第21話 魔族の戦略
オブザーバーってのは、「観察者、傍聴者、立会人」なんて意味なんだって。ケイディがこそっと教えてくれた。つまり、勇者パーティーに参加するし、助言もしてくれる。でも、私たちの行動に干渉したり、行動を決定する権利は持たないんだそうだ。
つまり、私たちにとってはいいことばかりだけど、そのかわりに監視されるってことなんだろうね。
「上将ワイバーン『謀略のアウレール』、アンタが来る?」
私の質問に、アウレールは長い首を横に振った。そして、魔王がその理由を話した。
「我が軍からしたら、勇者一行についていく者は遊兵となる。『謀略のアウレール』は我が軍一の知将にして勇猛、そんなもったいないことはできぬ」
だって。
まぁ、そりゃそうだ。
私、将棋のルールは知らないけど、飛車角落ちって言葉ぐらいは知っている。で、実際の戦争を自ら飛車角落ちではできないよね。そんなことしたら、負けちゃうもん。
魔王軍の人材枯渇は、マジ深刻。
「だけど、魔族から信用されていて私たちからもある程度は信用されて、戦場であっさり殺されない程度には自分の身が守れてなんて人、魔族の中にいる?」
私の問いに、魔王は変わらず無邪気な顔で笑った。
うーん、頭なでておこづかいあげたい。なんて可愛いんだろ、私。
「元魔王でいいじゃない。
勇者が魔法を戻してくれれば、一軍の将の力量としても言うことないし、勇者が言った条件はみんな満たすよ」
……あ、なるほど。現魔王に言われてみればそのとおりだ。
「それに死んだ元魔王が転生して戻ってくるなんて、そもそも考えてない。だから、元魔王がその任に就いてくれたら、私たちは当初の戦略どおり戦える」
なるほど。
納得する私に、現魔王は続ける。
「だけど勇者、元魔王が魔法を使えないのをいいことに、いいようにいじめたんだって?
それで、仕返しが怖くて魔法を返してあげられないんだって?」
ぐさっ!
私の心に、魔王の言葉が突き刺さった。きっと、これが魔王魔王している魔王に言われたんなら、私だって笑えたセリフだっただろう。「魔王同士がなにを傷を舐め合っているのよ。情けないわねっ」ってね。
だけど、幼いときの私の顔で言われるとクるわぁ……。なんか、すごく悪どいことしてたような気になるよ。
「少なくとも余は、深奥の魔族を撃退するまでは勇者に復讐はせんよ」
元魔王の辺見くんがそう口を開き、私は仕方なく頷いた。
あーあ、私なり言いたいことはたくさんあるけど、もうどうしようもない。なんか私だけがイヤなヤツになったみたいで、ずずーんって落ち込んじゃったよ。

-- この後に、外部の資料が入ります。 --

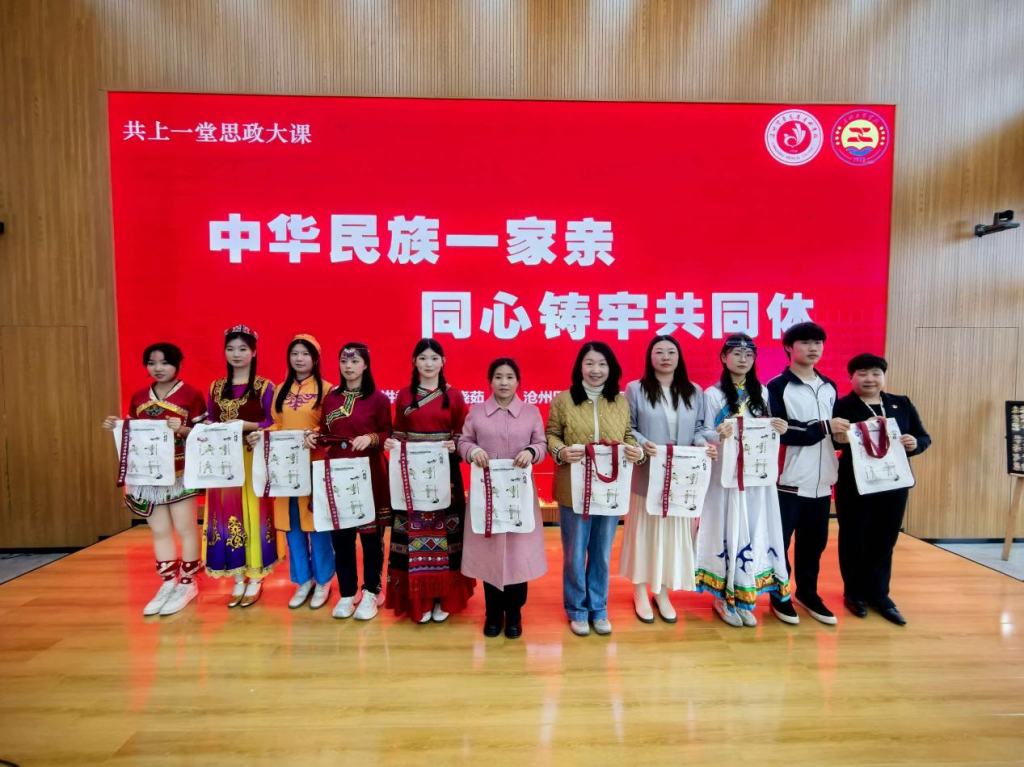 本次思政课打破校际壁垒、贯通学段差异,创新采用理论讲授、历史溯源、互动体验、文化展演四维融合模式,摒弃传统说教式授课,以有高度的理论、有深度的历史、有温度的故事,让思政教育入脑入心、落地生根。学校党委书记才晓茹教授、我校教师刘翠、沧州工贸学校教师李倩联袂主讲,以真挚讲述、鲜活案例、暖心互动,将“石榴籽”精神深植青年心田。
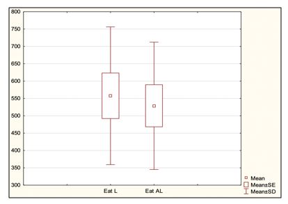 In this section, we examined changes in students' eating behavior during distance education pandemic measures compared to students' eating behavior during face-to-face, post-pandemic measures. We calculated the average time students spent eating in both conditions studied. We expressed the calculated mean as a percentage. During the pandemic measures, students spent 5.90% of the total observed time on eating. After the lifting of the pandemic measures, students devoted 5.23% of the total observed time to eating. We did not observe a statistically significant difference (p = 0.6784) in the time spent eating during the pandemic measures and after the lifting of the pandemic measures (Graph 4).
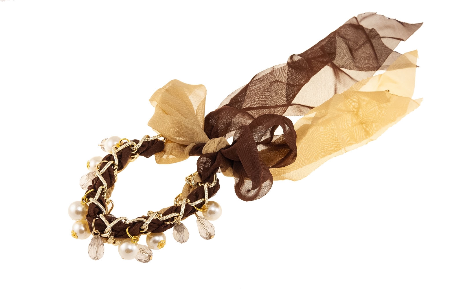 WIązana bransoletka wykonana z brązowej wstążki, złotego łańcuszka, szlifowanych koralików i perełek.Wymiary bransoletki:
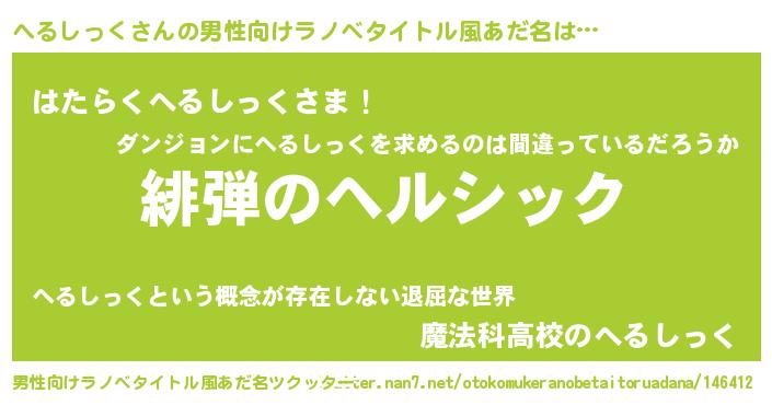 | ヘコむあだ名 | 『へるっちょ』『へるしっく(笑)』 |
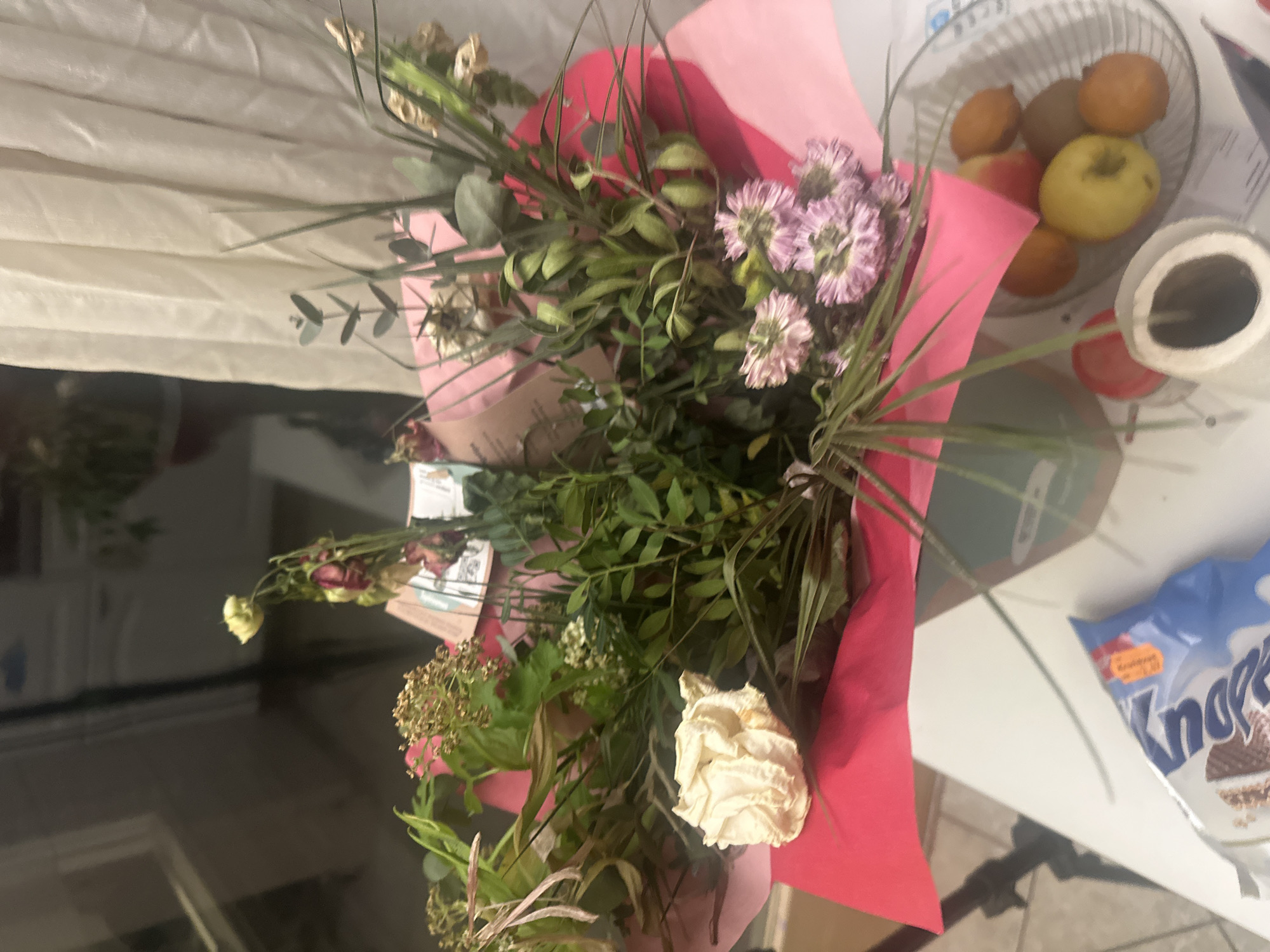 An indoor scene displays a large floral bouquet centrally positioned on a white table. The bouquet is wrapped in bright red and pink paper, containing various flowers and green foliage. Visible elements include a prominent dried, cream-colored rose in the lower-left, a cluster of dried pinkish-purple florets in the lower-right, and several other dried or wilting flowers and leaves, along with some still green foliage. Two small, rectangular cards are partially visible within the bouquet. In the background, a window or glass panel reflects an interior space on the left, while a cream-colored curtain covers the window on the right. On the white table surface in the foreground, to the left of the bouquet, a partially visible blue and white package, likely containing snack wafers, is present. To the right, a transparent glass bowl holds several fruits, including a yellow apple, oranges, and kiwis. Adjacent to the bowl, a white cylindrical object, possibly a roll of tape, stands upright next to a partial red circular object. The specific location in Geldrop, Netherlands, is undeterminable from the provided image.
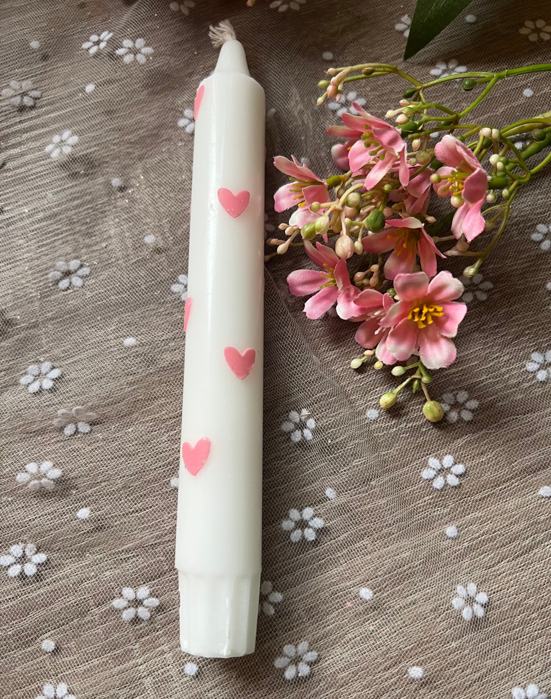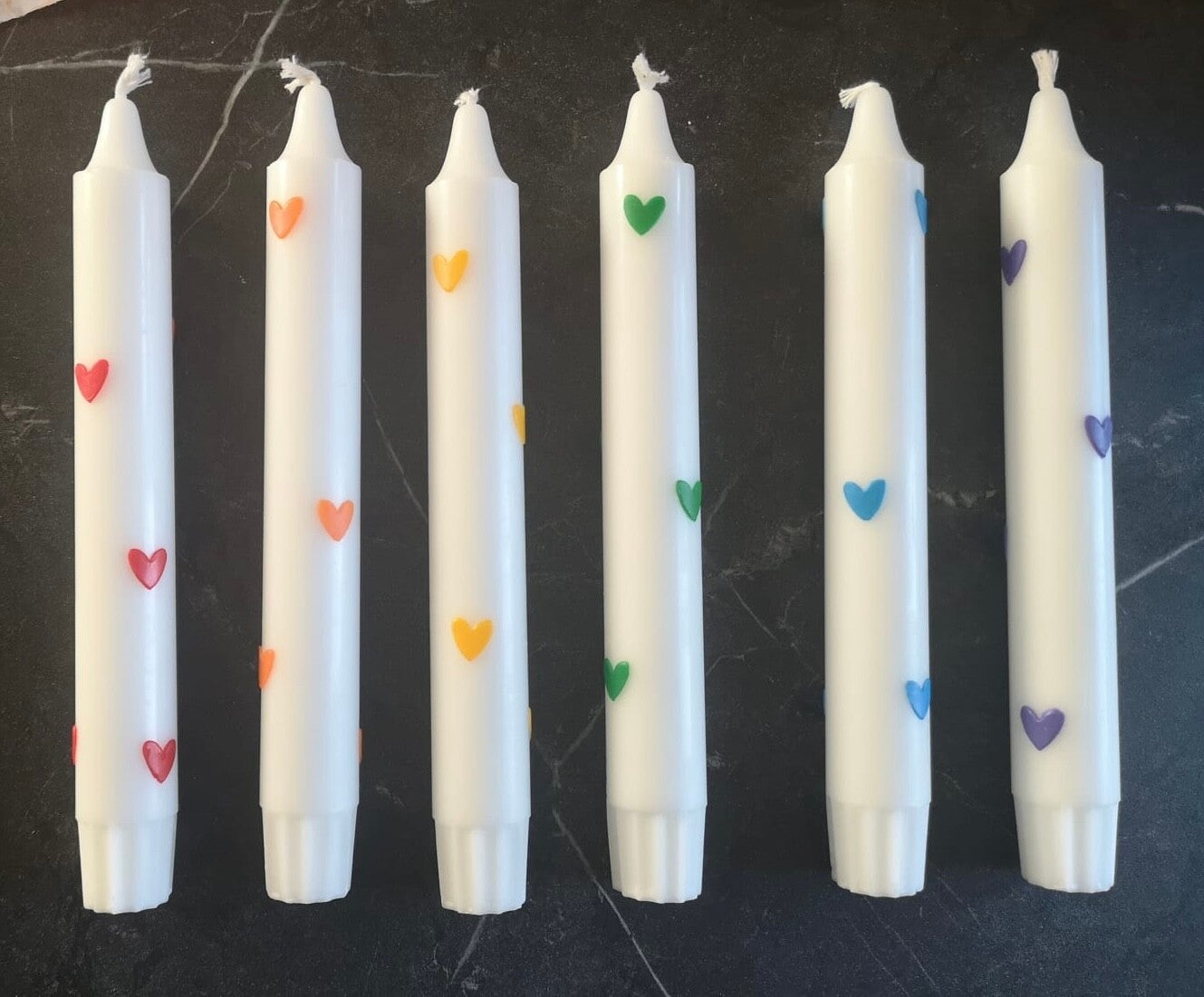 Deze kaarsen hebben we voorzien van heel veel hartjes van wax. De hartjes zijn handgemaakt. Hoe gezellig staan deze kaarsen straks bij jou in de huiskamer. Indien gewenst kunnen we de kaars eerst nog in een andere kleur dippen. En ook de hartjes kunnen we in elke gewenste kleur maken. Geef dit ajb aan in het opmerkingen veld als je gaat afrekenen.
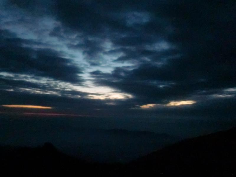 山頂に到着した時にはうっすらと東の空が明るくなってるくらいでまだまだ暗く、お湯を沸かしてコーヒーを飲みつつ朝を待ちます。
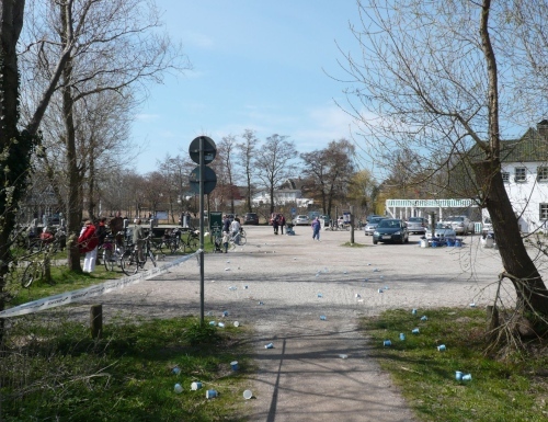 Hier im Ort gibt es ein grobes Kopfsteinpflaster und ich laufe lieber rechtsseitig auf dem Bürgersteig, denn bei diesem Pflaster ist es nicht ratsam die Seite zwecks Innenradius zu laufen. Lieber ein paar Meter mehr laufen aber nicht umknicken ist die Devise. Neben dem Foto Km 36 sieht man das Geholpere der Straße.
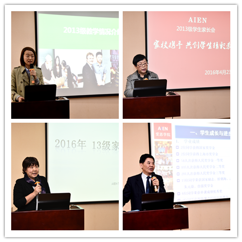 王娜副院长就2013级教学情况、修业收获和大四学业安排进行了详细的讲解。王娜副院长强调,孩子们即将踏入大四,但本学期学业任务依然很重,不能松懈。同时,王娜副院长指出,爱恩学院对孩子们的英语语言能力,国际化教学环境的熏陶和综合素质的养成投入很大,提供了很多机会和资源。

「で、『魔王軍の当初の戦略』ってのはどういうものなのだ?
余はそれを妨害せぬよう、勇者パーティーに働きかける必要があろう」
元魔王の辺見くんがそう言って、ケイディが興味津々って顔になった。作戦ってのは、魔族の思考ってのが赤裸々になるわけだから、ケイディの顔も理解できなくはない。
「ごく当たり前のことよ。ここから3日飛んだ先、ザフロスの渓谷に魔界からのゲードが開き、そこから敵の魔族が溢れ出してきている。我々はそのゲートを掌握し、ゲートの敵魔界側に橋頭堡を築く。敵を越境させないためだ。これで戦略目的は達成できる。そののち、こちら側に入り込んだ敵を殲滅し、後顧の憂いを断つ。橋頭堡さえできていれば、これは容易だろう。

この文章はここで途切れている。